Plus the RL Training for reasoning has been demonstrating unexpectedly effective improvements on relatively small amounts of data & compute.
So there's reasons to do both, but the larger investment that finetuning requires means that RAG has generally been more popular. In general, the past couple of years have been won by the bigger models scaling fast, but with finetuning difficulty dropping there is a bit more reason to do your own finetuning.
That said, for the moment the expertise + expense + time of finetuning makes it a tough business proposition if you don't have a very well-defined task to perform, a large dataset to leverage, or other way to get an advantage over the multi-billion dollar investment in the big models.
Nuance is hard. Binary choices are fast, comforting, and require less thought. Certainty feels safer than ambiguity — especially in conflict, where complexity threatens identity. And in most arenas (tech, media, politics), decisive hot takes get applause. Fence-sitters get ignored.
I worked at a startup where the CEO swore up and down that real-time fine-tuning was the future — that models would continuously update with company data. It sounded cool until you remember:
That’s not how LLMs work.
It’s not efficient.
It’s not flexible.
And it’s not even necessary — we already have RAG.
Pipedreams make good pitch decks. But they break when you hit production.

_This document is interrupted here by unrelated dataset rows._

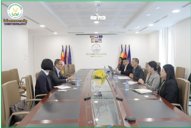
រូបភាព៖ប្រជុំពិភាក្សាការងារអំពីស្ថានភាពទីផ្សារ និងកិច្ចដំណើរការអភិវឌ្ឍន៍វិស័យបឋមប្រទេសកម្ពុជា។
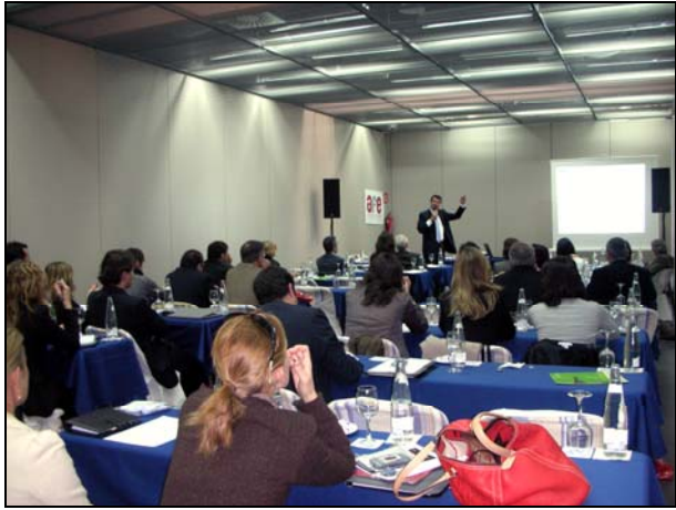
Interior de la Sala de Ponencias.
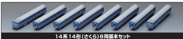
14系14形(さくら)8両基本セット
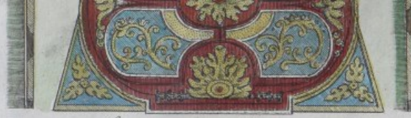
la Tente du grand VIZIR.
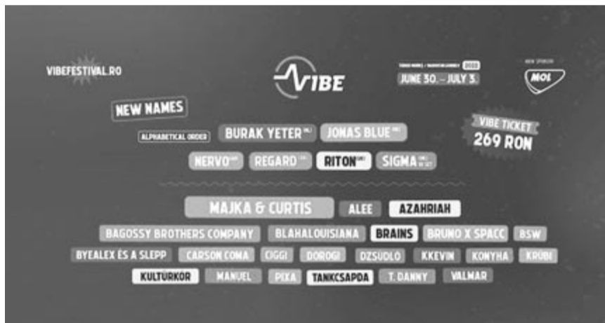
A fesztivál programja

– Az idei Koli új arcot és új tematikát kap. Ezekhez az újdonságokhoz próbáltuk találatni a felkért előadókat. Ezzel kapcsolatban is minden információt meg lehet találni az oldalainkon. Érdeemes résen lenni, hiszen hamarosan mindent megosztunk az érdeklődőkkel.
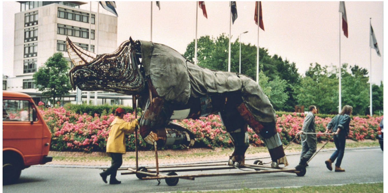
Das Nashorn wird vorübergehend abgezügelt

Was Nashörnern in Afrika nichts anhaben kann, wurde demjenigen in Uster zum Verhängnis: ein Sturm. Lothar
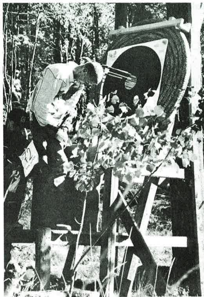
Forseggjort mål – fra standplass så det ikke slik ut.....

Forøvrig hadde arrangøren løst utlegg av feltrunden på enkel måte. I og med at man har oppgitte mål på felten, benyttet man ganske enkelt jaktbanen om igjen. Man lot jakta's «ekstra mål» stå uten skiver; dermed lite arbeid i endringen og alle fant greit fram.
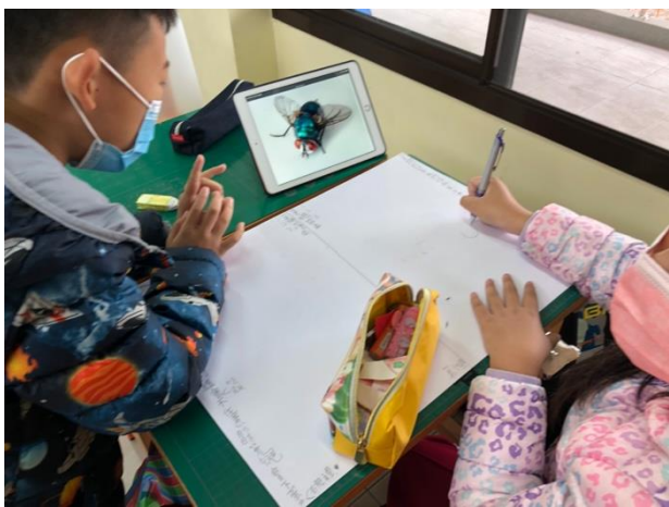
說明：學生利用 Code 編寫昆蟲紀錄
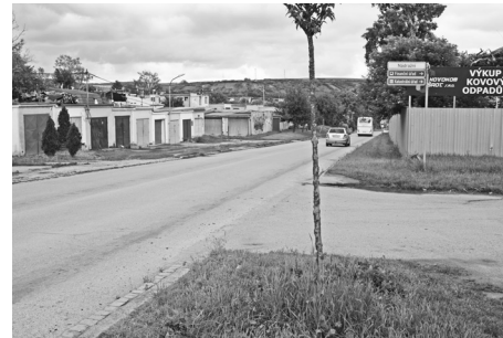
Podél garáží směrem k finančnímu úřadu vznikne nový chodník.

Firma opraví dvorní fasádu a nainstaluje venkovní žaluzie kvůli ochraně proti světlu i teplotě. Radní na své třinácté schůzi schválili
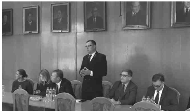
Posiedzenie Rady Gospodarczej.

20 listopada w siedzibie PKP PLK S.A w Krakowie przy Placu Matejki odbyło się kolejne spotkanie Rady Gospodarczej Wojewody Małopolskiego Piotra Ćwika.
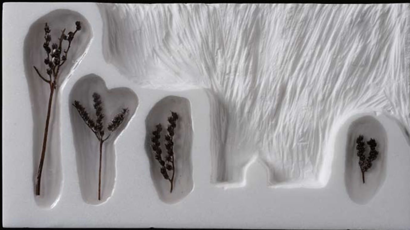
PAISAJES DEL ALMA I 15 x 27 x 4 cm. Mármol, resina de poliéster y madera
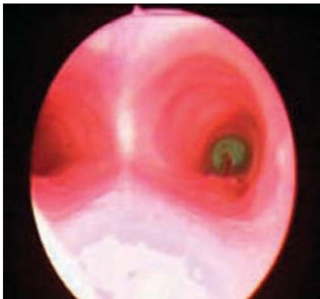
Figura 5. Observamos un alfiler con cabeza en bronquio derecho.

a nivel del cartílago cricoides, sobre todo en el lactante, cuya función epiglótica no está bien desarrollada. Cuando un cuerpo extraño se aloja en la glotis, de inmediato produce tos, atragantamiento y disfonía además de estridor y dificultad respiratoria. Si el cuerpo extraño se aloja en la abertura glótica, el niño presenta cianosis y lucha por respirar con mayor esfuerzo, momento en el cual está indicado realizar la maniobra de Heimlich 2 . Cuando el cuerpo extraño pasa a través de la glotis, se aloja en un bronquio o alguna de sus ramas y el cuadro clínico que ocasiona no es de insuficiencia respiratoria aguda ya que permite una ventilación parcial, la expresión clínica es tos y sibilancias, que puede tener varios días de evolución.
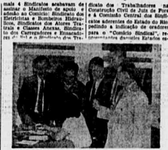
Na reunião da "Tribuna Popular", quando tiveram os trabalhadores da Construção Civil, que vieram prestar declarações acerca do grande comício sindical Pró-Constituinte
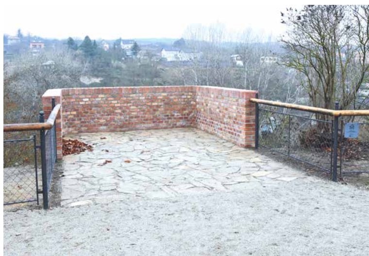
■ Opravenou vyhlídku v Louckém parku už stačil před pár dny poškodit sprejer. Naštěstí má zeď speciální nástřik, který dovoluje nežádoucí „dílo“ odstranit.
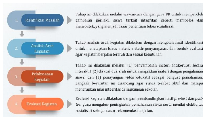
Gambar 2. Tahapan Kegiatan Pengabdian

Proses kegiatan sosialisasi pendidikan antikorupsi diawali dengan tahap perencanaan yang tersusun dalam empat langkah utama, yaitu identifikasi masalah, analisis arah kegiatan, pelaksanaan kegiatan, dan evaluasi kegiatan. Tahap identifikasi masalah dilakukan melalui wawancara dengan guru Bimbingan Konseling (BK) untuk memperoleh gambaran awal mengenai perilaku siswa yang berkaitan dengan kejujuran dan kedisiplinan. Selanjutnya, tahap analisis arah kegiatan difokuskan pada penentuan prioritas materi, pemilihan metode sosialisasi, serta perancangan instrumen evaluasi kegiatan. Tahap pelaksanaan kegiatan meliputi penyampaian materi, diskusi dua arah, dan penayangan video edukatif. Sedangkan pada tahap evaluasi dilakukan secara deskriptif melalui perbandingan hasil pre-test dan post-test sebagai alat evaluasi kegiatan pengabdian masyarakat untuk melihat perubahan pemahaman siswa terhadap nilai integritas dan perilaku antikorupsi. Tahapan ini untuk memastikan kegiatan dapat berlangsung secara terarah, sistematis, dan relevan. Alur tahapannya dapat tergambar pada ilustrasi di bawah ini:
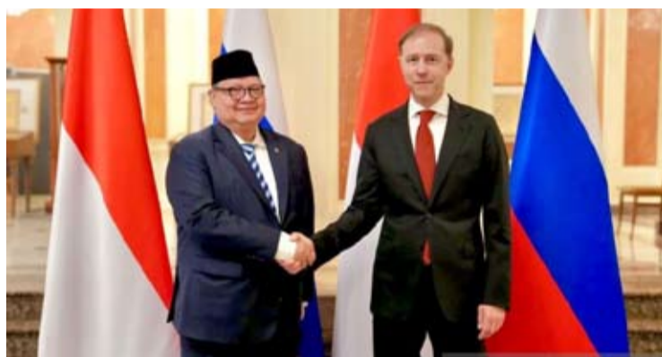
2026年5月13日, 印尼经济统筹部长艾尔朗加·哈尔塔托(Airlangga Hartarto, 左)在俄罗斯喀山举行的第14届印尼—俄罗斯联合委员会会议期间, 会见俄罗斯联邦第一副总理杰尼斯·曼图罗夫(Denis Manturov, 右)。

艾尔朗加表示, 第14届印尼—俄罗斯联合委员会会议《议定纪要》的签署, 体现出双方持续深化并落实重点领域双边合作的共同意愿, 也符合两国
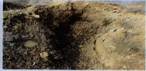
Kuzeydoğu nekropolünden seramik parçaları (res;3), kaçak kazı çukurlarından görünüm (res; 4).
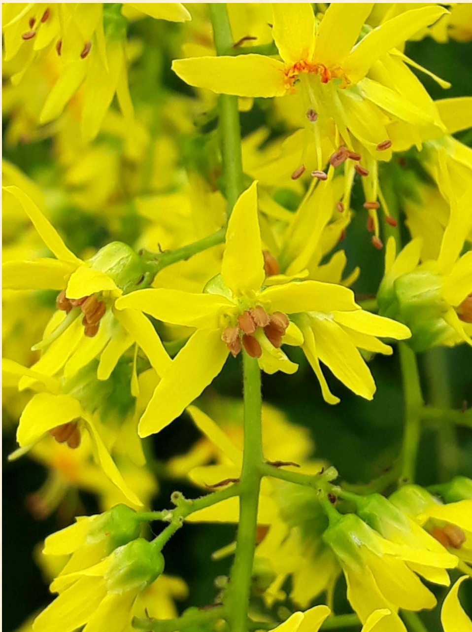
Blüten des Blasenbaums

It's a fucking pipedream, this. That's not how LLMs work, it's not efficient, it's not useful (we have RAG for reference augmentation), and it’s not even desirable unless you want your model overfitting on stale, internal narratives every night.
Hope one day it will be practical to do nightly finetunes of a model per company with all core corporate data stores.
This could create a seamless native model experience that knows about (almost) everything you’re doing.